O hafta bizim okulun oradaki Salı Pazarı’na gittim. Su sattım. İki kişi aldı. Suları alıp bizim evin önüne kadar getirdim. Sonra annemle babam anlayacak diye kapının önüne döktüm

Sevmediğim şarkılar

SİNEM SAL / @sinemsal

Anneler Günü gibi bir gündü. Belki de annemin doğum günüydü. Bilmiyorum. Birkaç gün öncesinde bir dükkânın önünden geçerken Sema Teyze’ye şöyle demişti: “Aman paramız yok diye denemeyelim mi kız? Gel gel...” Sonra dükkâna girmiştik. Annem incecik bir kadındı ve kısa boyluydu. Ne giyse yakışırdı. Dükkândaki raflarda birkaç tane giysi vardı. Buradan dükkânın ne kadar pahalı giysiler sattığını anlıyorduk. Sarı bir elbise seçmişti annem. Sema Teyze, tam elbisenin fiyatına bakacaktı ki “Bırak, bırak...” demişti annem, “hiç düşünmeyelim ne kadarmış.” Omuzları şişkin, karpuz kol dediklerinden, beli dapdar sarı bir elbise.

Aynaya bakmıştı. Birkaç saniye susmuştuk. Sema Teyze’ye sırtını uzatmıştı. “Bir baksana ne kadarmış?” diye sormuştu almayacağını bilerek. “150,” demişti Sema Teyze. Sonra da her zamanki esprilerinden yapmıştı. “Aman benim dolapta çok var canım bunlardan...” Gülmüşlerdi. Dükkandan çıkmıştık. Annelerin aklı bir yerde kalırsa hemen anlarsınız. Kirli tabağı daha uzun yıkarlar. Televizyon kumandası ellerinde kalır. Soymakta oldukları elmayı yarıda bırakırlar. Anneme de birkaç gün böyle oldu. Sabahları masaya otururduk kardeşimle. Annem bir elinde çaydanlık, diğer elinde çaydanlık altlığıyla mutfaktan gelirdi. Bardaklarımızı koyardık önüne.

Sarı elbiseyi gördüğümüzün ertesi sabahıydı. Annem ve babam mutfaktaydı. Önce kavga etmeye başlamışlardı. Annem babamın eve geç gelmesinden yakınırdı. Annem yakındığı zaman babam öfkelenirdi. Babam öfkelendiği zaman annem televizyonun sesini açardı. Babam daha çok öfkelenirse annem televizyonun sesini daha da açardı. Kral TV’yi açardı. Pop şarkılardan biri çalıyor olurdu. Tam anlamazdık, şarkıdan mı geliyor annemden mi diye bağıran kadın sesi. O sabah yine annemle babam mutfağa geçtiğinde televizyonun sesi yükselmişti.

Annem sanki mutfakta bir düdüklü tencereydi. Vakit doldu diye ötüyordu. Buhar saçıyordu etrafa. Hafif ama yanık. Birkaç şarkı sonra kahvaltı masasına gelmişlerdi. Annemin yanakları kızarmıştı. Kardeşime, bana, babama ve en son da kendisine çay doldurmuştu. Açık kahverengi saçlarını kırmızı bir tokayla arkadan tutturmuş olmasına rağmen saçlarının bir kısmı tokadan çıkmış alnına dökülmüştü. Elinin tersiyle saçını aldı arkaya doğru götürdü. Yeniden topladı. Babam önündeki haşlanmış yumurtanın kabuğunu kırıyordu. Yumurtayı vuruyordu masaya. Masanın üstünde kırılan kabukları çay tabağına toplamıştı. Annem sessizdi. Bir şey düşünüyordu belli. Çünkü tabağındaki zeytini çatalına almak için beş kez hamle yapmıştı.

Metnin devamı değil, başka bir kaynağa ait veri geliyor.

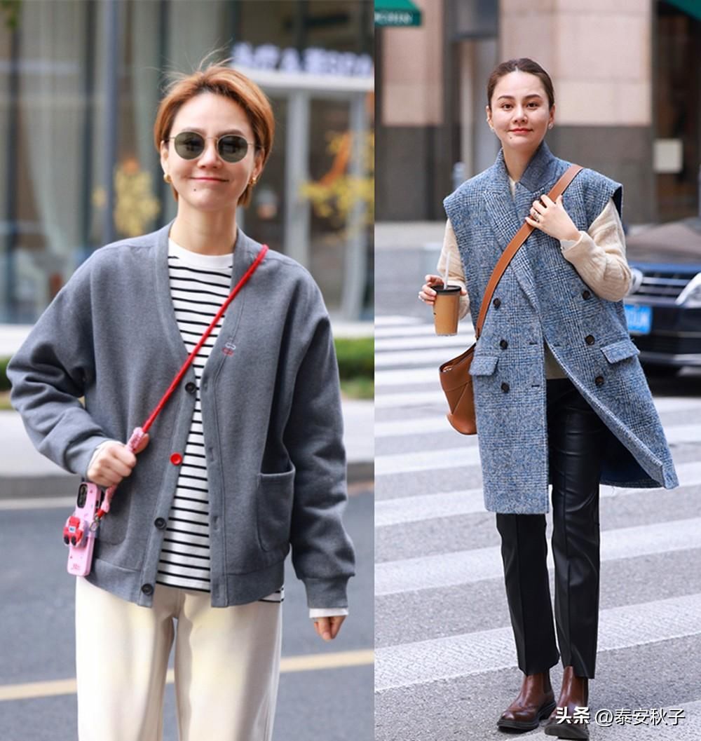 我们可以像她一样用“敞门襟”、或是加配饰的叠穿手法,合理地搭配,便可为自己打造出一个、又一个时髦洋气的造型

Yanağındaki kızarıklıklar hiç geçmedi. Öteki gün morluğa sonraki günlerde ise maviye, yeşile ve sarıya bıraktı yerini. Hepsinin yeri değişti. Sonra geceleri bizim yanımızda uyuyakalmaya başladı annem. Bazı geceler babam gelirdi ve “Kalk geç içeri...” diye bağırırdı “yalandan uyuyakalma.” Annem içeri geçerdi. Televizyonun sesini açarlardı. Bir kadın biraz bağırır ve sonra az da ağlardı.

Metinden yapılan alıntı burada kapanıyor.